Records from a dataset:
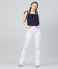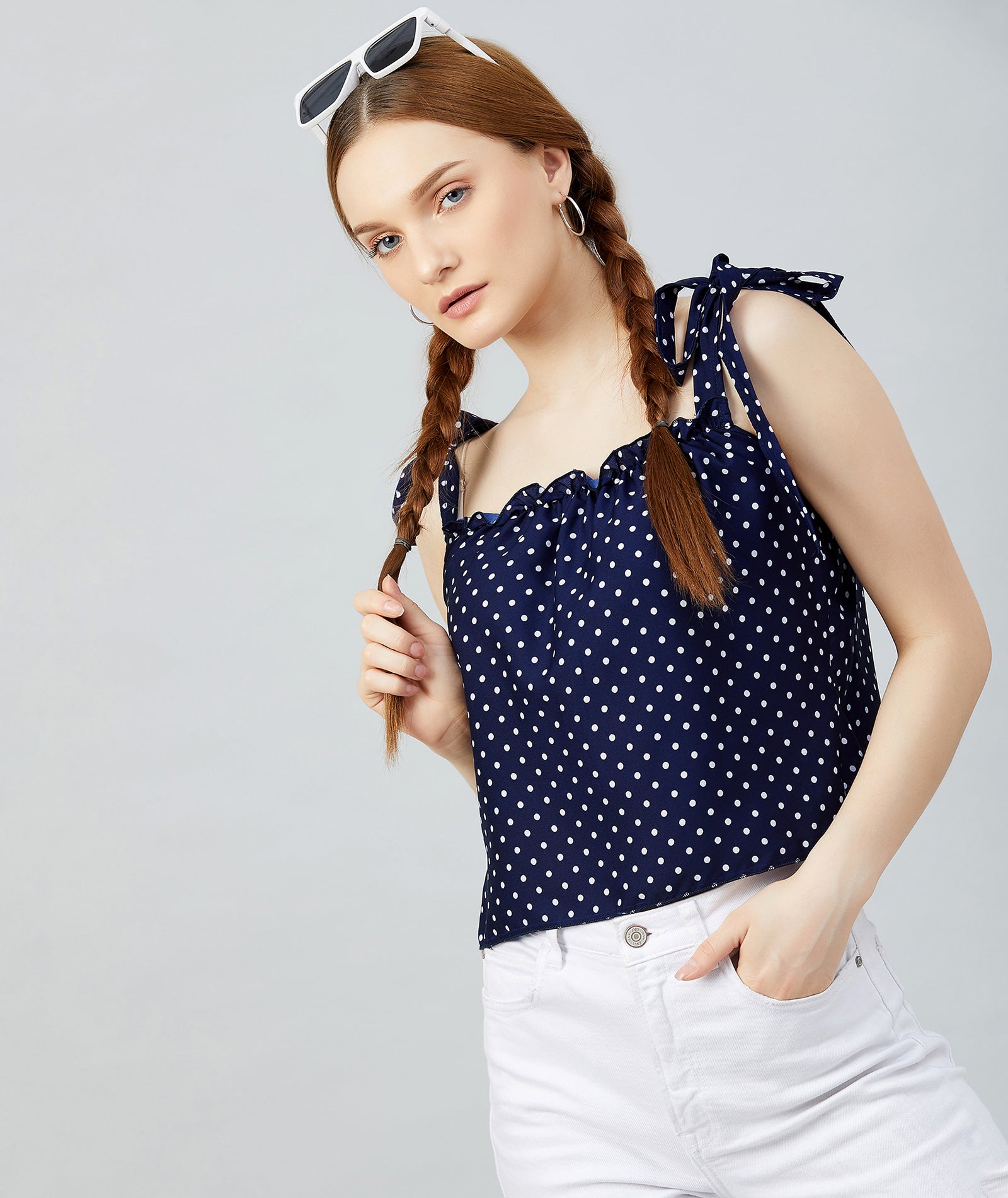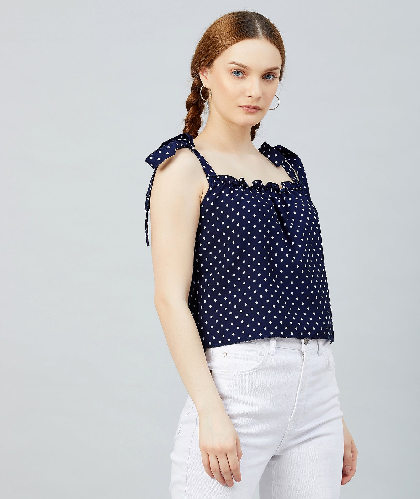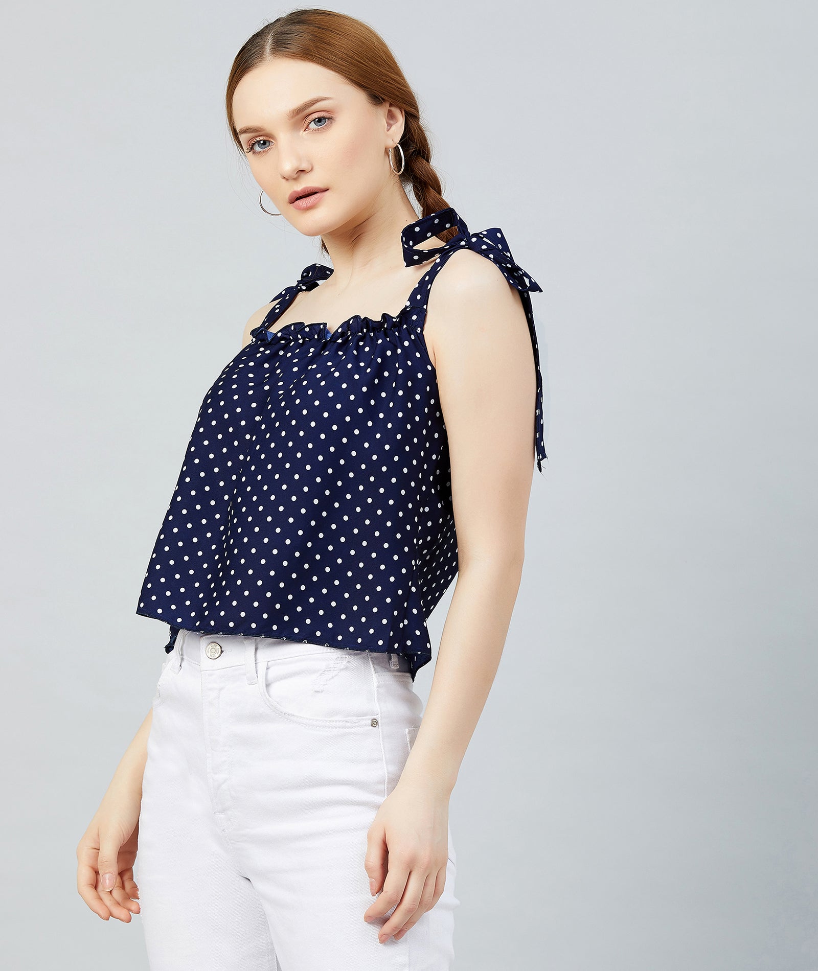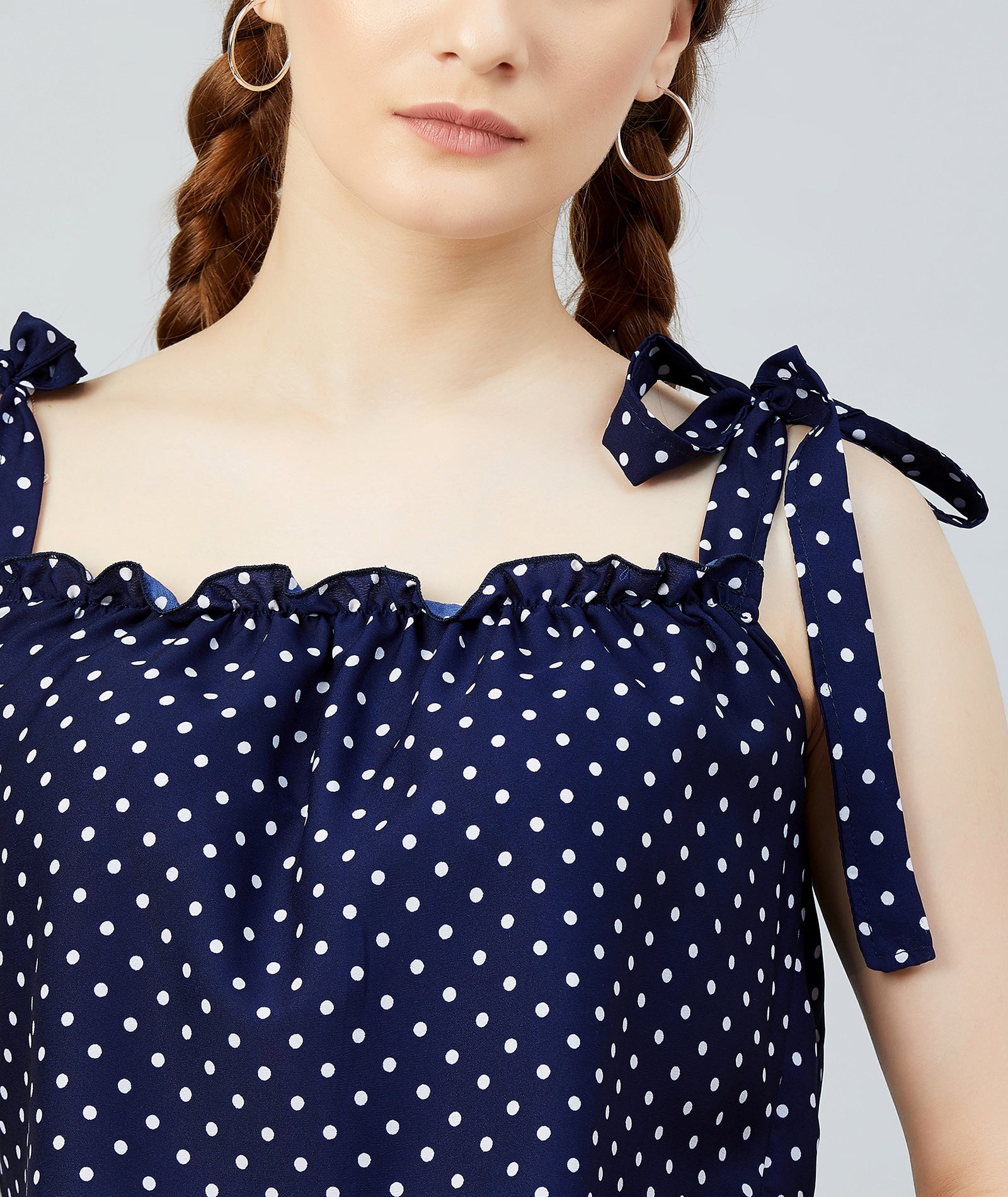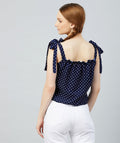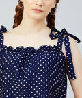 Chimpaaanzee Women Navy Polka Doted Crepe Ruffled Top
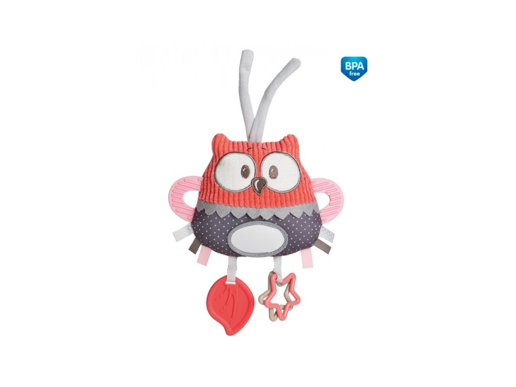 Plyšová hračka stimuluje rozvoj smyslů dítěte. Lze zavěsit na postýlku, kočárek nebo autosedačku.
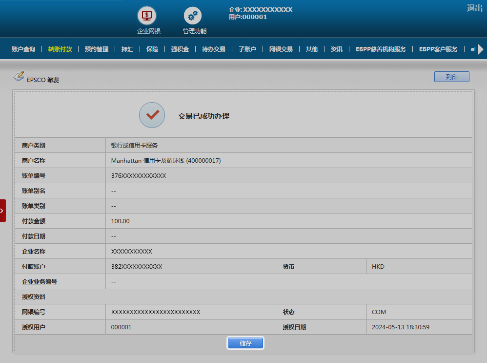 您可按「储存」账单资料,日后可点击「缴费」按钮直接进行缴费。
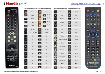 Im Folgenden zeigen wir Ihnen die Zuordnung jedes einzelnen Knopfes der Originalfernbedienung zu der Taste, die dieselbe Funktion auf der Ersatzfernbedienung ausführt. In einigen Fällen müssen Sie möglicherweise die UMSCHALT-Taste drücken, bevor Sie eine andere Taste drücken, um bestimmte Aktionen auszuführen. Diese zusätzlichen Funktionen werden oft wenig genutzt und dienen dazu, das Verständnis der Ersatzfernbedienung zu erleichtern oder weil die Originalfernbedienung mehr Tasten hat als das entsprechende Modell.
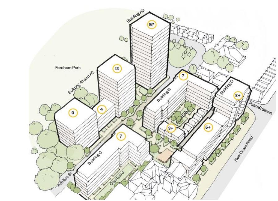 Completion is targeted for 2033, creating a safer, greener and more vibrant estate while transforming a key stretch of New Cross Road with new homes, shops and workspaces.
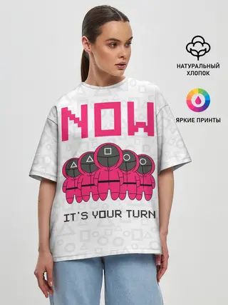 Женская футболка оверсайз / Теперь твоя очередь.
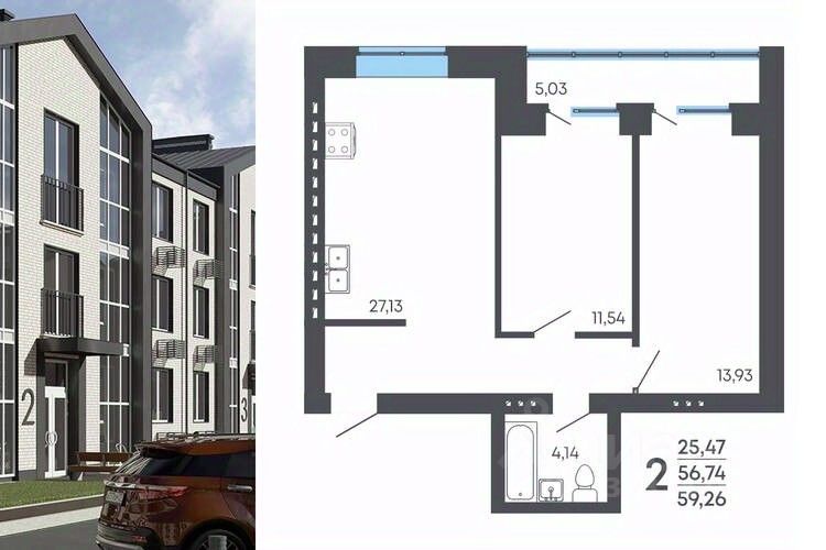 Продаётся 2-комнатная квартира в сданном доме (Маяковского, 53/2 (Дом 2 (4 этап))), срок сдачи: III-кв. 2025, общей площадью 59.26 кв.м., на 3 этаже. Новый жилой комплекс "Славяноград" от Специализированного застройщика "ЖБИ-ЖИЛСТРОЙ 36" расположен в г. Семилуки Воронежской области на ул. Маяковского.
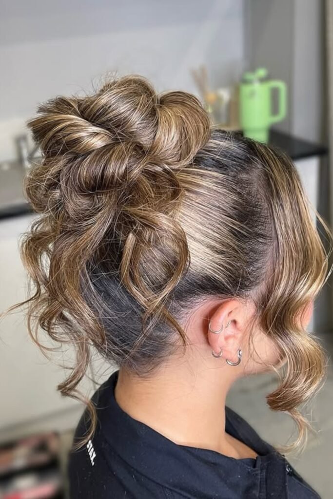 If you want playful volume with structured curls, this high bun is perfect for you.
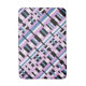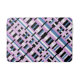 This bath mat features a modern twist on plaid in shades of orchid, slate blue and black and white.
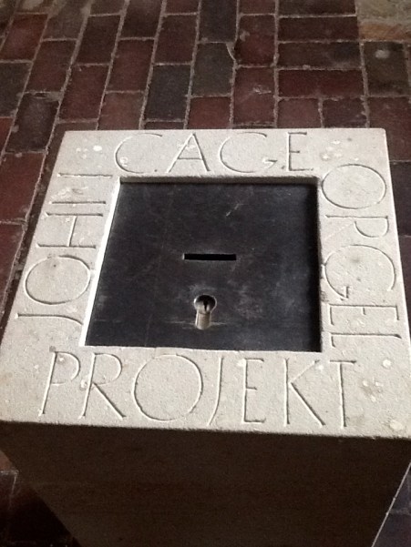 1,000 Euros will allow a donor to have a message inscribed on a metal plaque which will be mounted below a year of their choice if available. The church guardian, a Polish man who came to Halberstadt some years ago and found himself unemployed, vetted a number of job advertisements and chose the ORGAN2/ASLAP job because “it sounded interesting”. He is a delightful individual who loves the project under his care and has an understanding of Cage and his music that took me back a few paces. He knew the contents of the books for sale and was happy to answer questions. He said there were line ups on the weekends and a rather steady, but smaller flow on weekdays. When a change of notes takes place, St. Burchardi is packed.
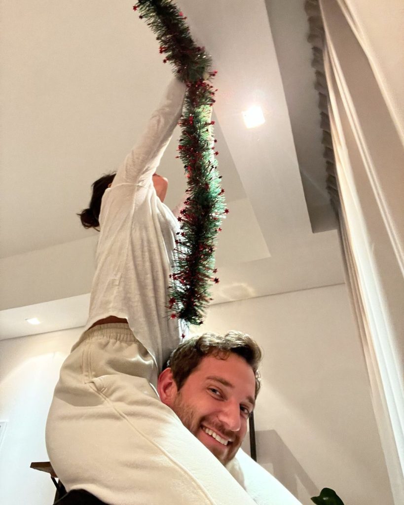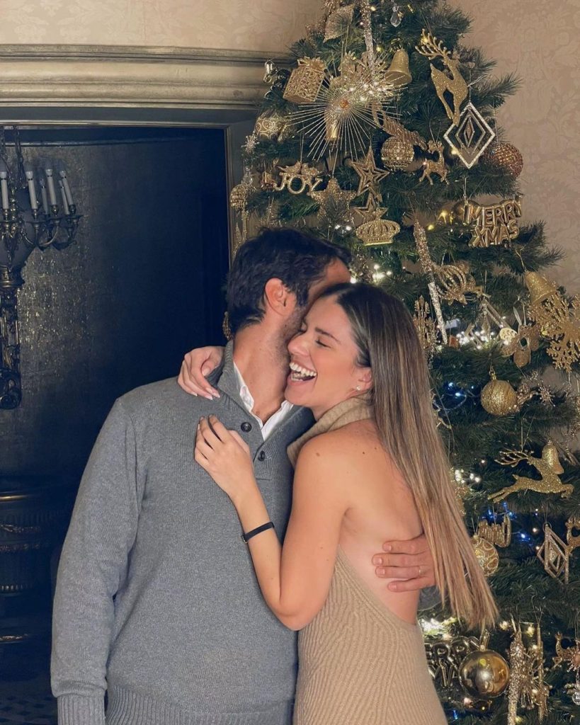 Lara and her hubby hug by their golden Christmas tree, looking cheerful as ever! Her Ig caption read: “Christmas & Cream”.
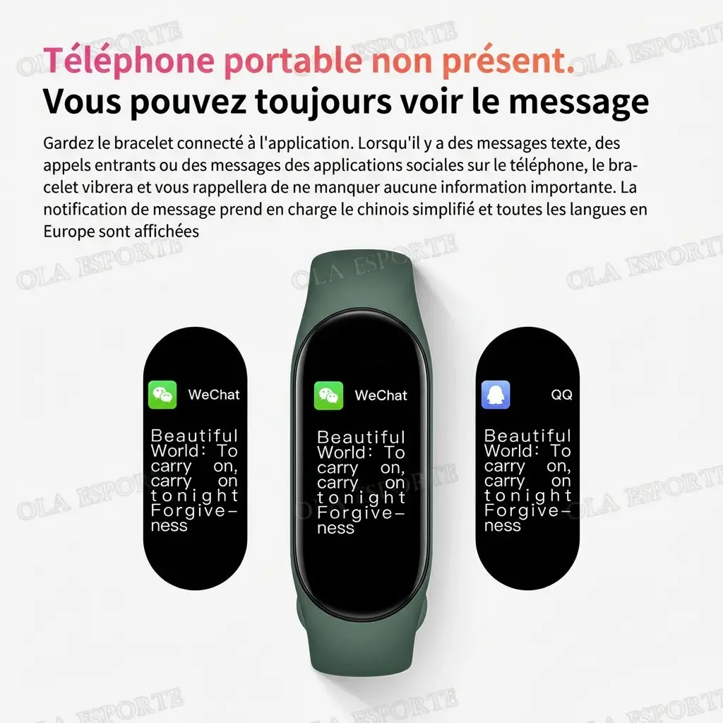 Recevez appels, SMS et notifications d’applications (WhatsApp, Facebook, Instagram, Twitter) directement au poignet. Contrôlez la musique, la caméra à distance, ou retrouvez votre bracelet en un clic : autant de fonctions pratiques qui vous évitent de sortir votre téléphone. Avec le rappel sédentaire et l’alarme, adoptez de meilleures habitudes sans effort. La montre bénéficie d’un indice d’étanchéité IP67 : résistante à la transpiration et aux éclaboussures.
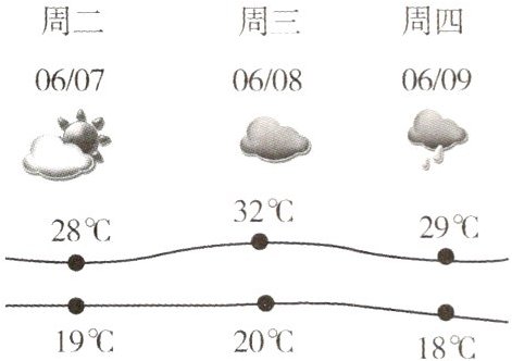 目前,人们可以通过多种途径获取天气信息。读某市6月7—9日的天气信息图,完成1~2题。
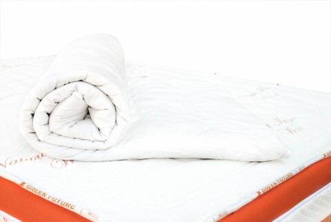 - Protecție saltea din nanofibră. Umplutura acesteia este singura fibră sintetică care se apropie foarte mult de proprietățile pufului de gâscă. Astfel tu poți să te bucuri de un confort termic adecvat în timpul somnului.
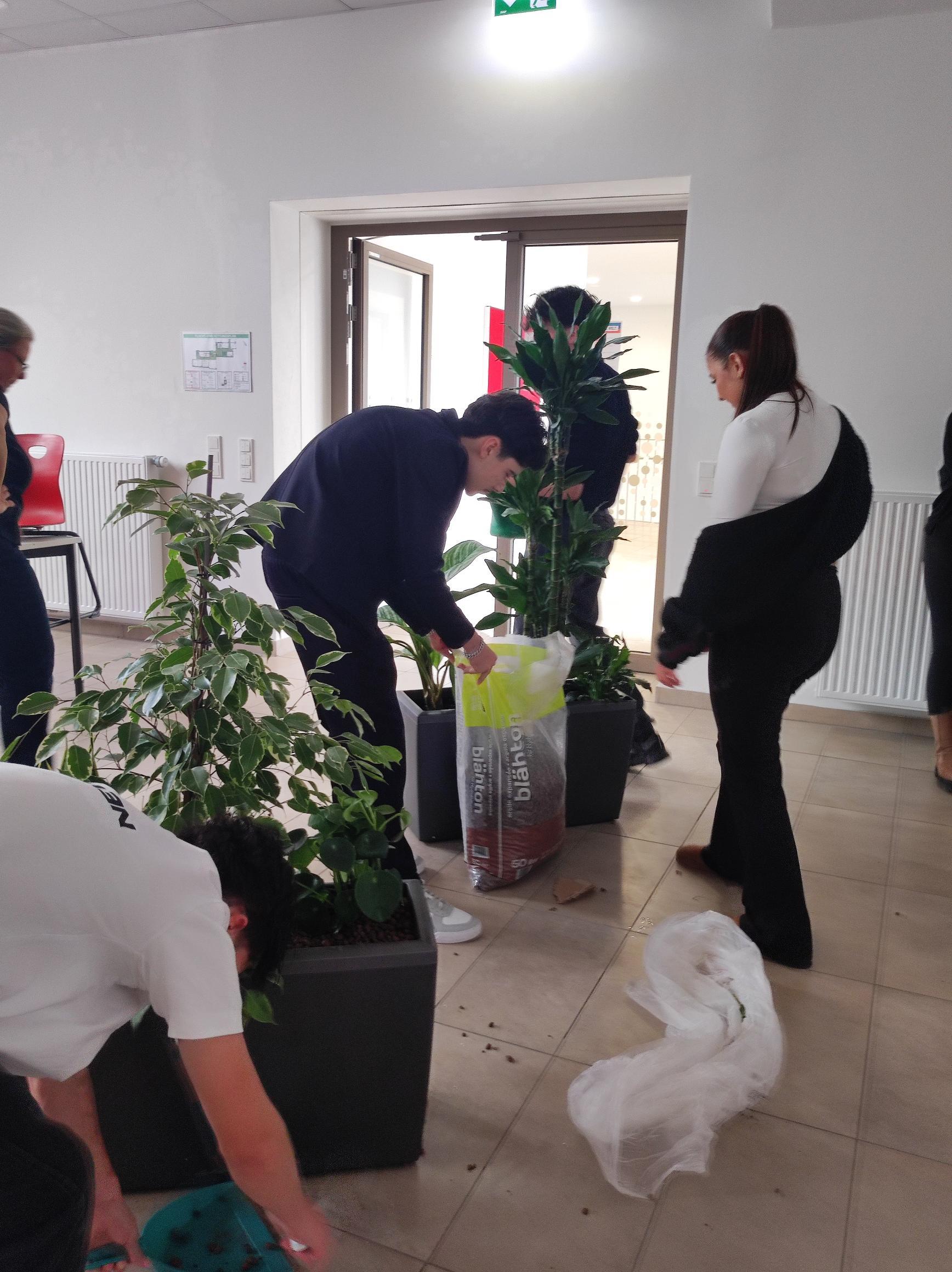 Unter fachmännischer Anleitung und mit jeder Menge Begeisterung machten sich die Schülerinnen und Schüler ans Werk. Große Tröge wurden vorbereitet und mit einer Auswahl an Pflanzen bestückt. Dabei wurde nicht nur Erde bewegt, sondern auch Teamgeist bewiesen – schließlich soll der COOL-Raum im 3. Stock ein Ort werden, an dem sich alle wohlfühlen.

Activity: Could you copy, exactly and with no pictures, each line from the first one above to the line holding "This bath mat"?

Task result:
 Chimpaaanzee Women Navy Polka Doted Crepe Ruffled Top
 Plyšová hračka stimuluje rozvoj smyslů dítěte. Lze zavěsit na postýlku, kočárek nebo autosedačku.
 您可按「储存」账单资料,日后可点击「缴费」按钮直接进行缴费。
 Im Folgenden zeigen wir Ihnen die Zuordnung jedes einzelnen Knopfes der Originalfernbedienung zu der Taste, die dieselbe Funktion auf der Ersatzfernbedienung ausführt. In einigen Fällen müssen Sie möglicherweise die UMSCHALT-Taste drücken, bevor Sie eine andere Taste drücken, um bestimmte Aktionen auszuführen. Diese zusätzlichen Funktionen werden oft wenig genutzt und dienen dazu, das Verständnis der Ersatzfernbedienung zu erleichtern oder weil die Originalfernbedienung mehr Tasten hat als das entsprechende Modell.
 Completion is targeted for 2033, creating a safer, greener and more vibrant estate while transforming a key stretch of New Cross Road with new homes, shops and workspaces.
 Женская футболка оверсайз / Теперь твоя очередь.
 Продаётся 2-комнатная квартира в сданном доме (Маяковского, 53/2 (Дом 2 (4 этап))), срок сдачи: III-кв. 2025, общей площадью 59.26 кв.м., на 3 этаже. Новый жилой комплекс "Славяноград" от Специализированного застройщика "ЖБИ-ЖИЛСТРОЙ 36" расположен в г. Семилуки Воронежской области на ул. Маяковского.
 If you want playful volume with structured curls, this high bun is perfect for you.
 This bath mat features a modern twist on plaid in shades of orchid, slate blue and black and white.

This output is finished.